Microsoft is a proud sponsor and active participant of CVPR 2024, which focuses on advancements in computer vision and pattern recognition.

We wanted to push current technology to get closer to a human’s ability to interpret environmental cues, adapt to difficult conditions and operate autonomously. For example, in First Person View (FPV) drone racing, expert pilots can plan and control a quadrotor with high agility using a noisy monocular camera feed, without compromising safety. We were interested in exploring the question of what it would take to build autonomous systems that achieve similar performance levels. We trained deep neural nets on simulated data and deployed the learned models in real-world environments. Our framework explicitly separates the perception components (making sense of what you see) from the control policy (deciding what to do based on what you see). This two-stage approach helps researchers interpret and debug the deep neural models, which is hard to do with full end-to-end learning.

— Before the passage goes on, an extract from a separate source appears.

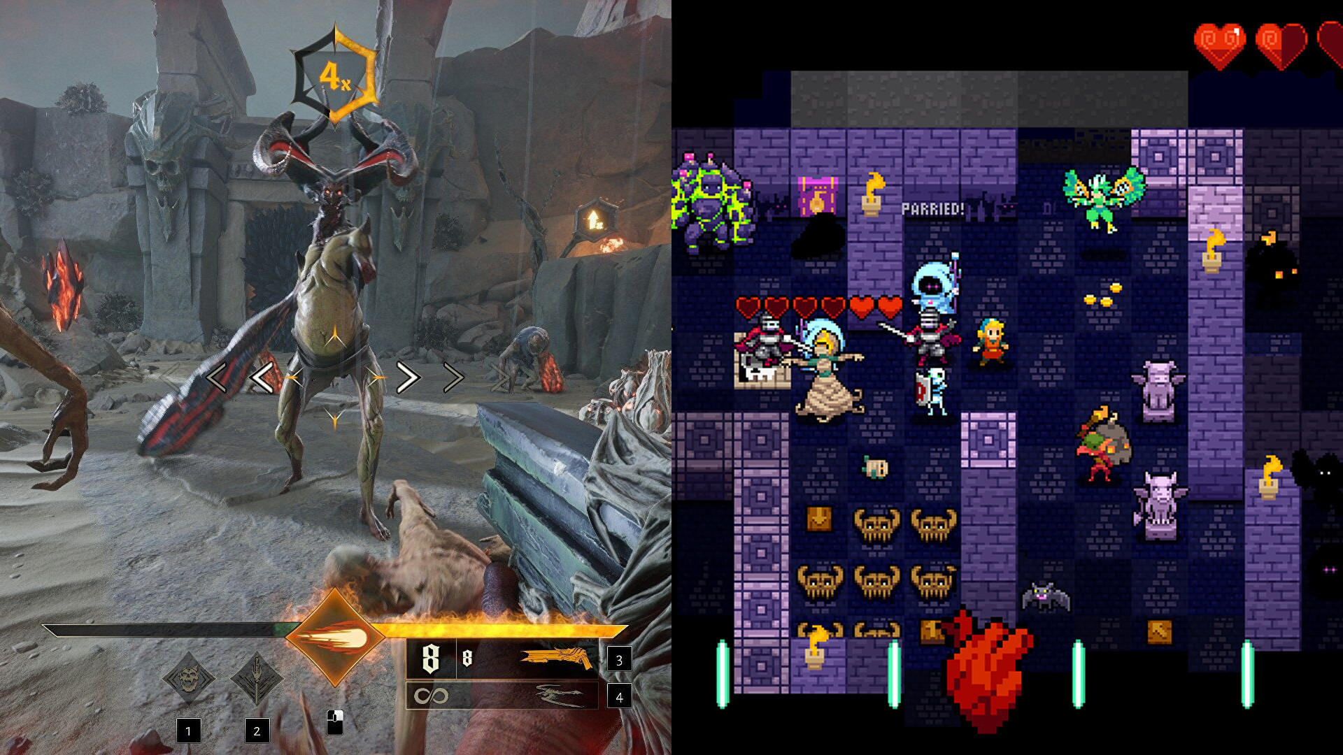 Tokrat bomo vsi štirje celo uro v taktu z nogo butali ob tla, pretekli mesec smo namreč preigravali Metal: Hellsinger in Crypt of the NecroDancer. Ritmični igri sta si podobni v tem, da sta z Guitar Herota in Dance Dance Revolution spretno odrezali glasbeni cepič ter z njim oplemenitili deblo nasilnejših akcijskih zvrsti.

The ability to efficiently solve such perception-action loops with deep neural networks can have significant impact on real-world systems. Examples include our collaboration with researchers at Carnegie Mellon University and Oregon State University, collectively named Team Explorer, on the DARPA Subterranean (SubT) Challenge. The DARPA challenge centers on assisting first responders and those who lead search and rescue missions, especially in hazardous physical environments, to more quickly identify people in need of help.

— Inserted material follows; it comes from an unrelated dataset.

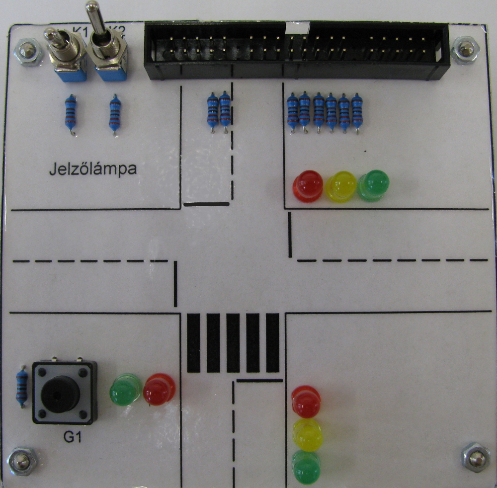 - gyalogátkelőhely vezérlése, ahol a lámpák időzítését lehet szabályozni a PLC A/D átalakítójára kapcsolt potenciméterrel

The video above shows the DARPA Subterranean Challenge, one of the ways Microsoft is advancing state of art in the area of autonomous systems by supporting research focused on solving real-world challenges. Learn more about Microsoft Autonomous systems.

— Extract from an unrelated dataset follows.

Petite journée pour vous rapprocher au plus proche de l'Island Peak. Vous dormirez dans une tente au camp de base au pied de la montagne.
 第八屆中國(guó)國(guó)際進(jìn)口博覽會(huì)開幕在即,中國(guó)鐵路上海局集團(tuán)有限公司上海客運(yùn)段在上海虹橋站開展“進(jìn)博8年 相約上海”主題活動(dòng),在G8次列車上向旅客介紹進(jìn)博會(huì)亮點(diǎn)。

Team Explorer has participated in the first two circuits of the challenge, taking second place in the February, 2020 Urban Circuit and first place in the September, 2019 Tunnel Circuit. In the Tunnel Circuit, the robots navigated underground tunnels for an hour at a time to successfully locate hidden items. In the Urban Circuit, they navigated two courses designed to represent complex urban underground infrastructure, including stairs and elevation changes. Reasoning correct control actions based on perception sensors is a critical component to success of the mission. The current methods used by Team Explorer include carefully engineered modules, such as localization, mapping and planning, which were then carefully orchestrated to carry out the mission. Here, we share how an approach of learning to map perception data to correct control actions can simplify the system further.

sim photo

Figure 1. Our framework uses simulation to learn a low-dimensional state representation using multiple data modalities. This latent vector is used to learn a control policy which directly transfers to real-world environments. We successfully deploy the system under various track shapes and weather conditions, ranging from sunny days to strong snow and wind.

The Task

In first person view (FPV) drone racing, expert pilots can plan and control a quadrotor with high agility using a noisy monocular camera feed, without compromising safety. We attempted to mimic this ability with our framework, and tested it with an autonomous drone on a racing task.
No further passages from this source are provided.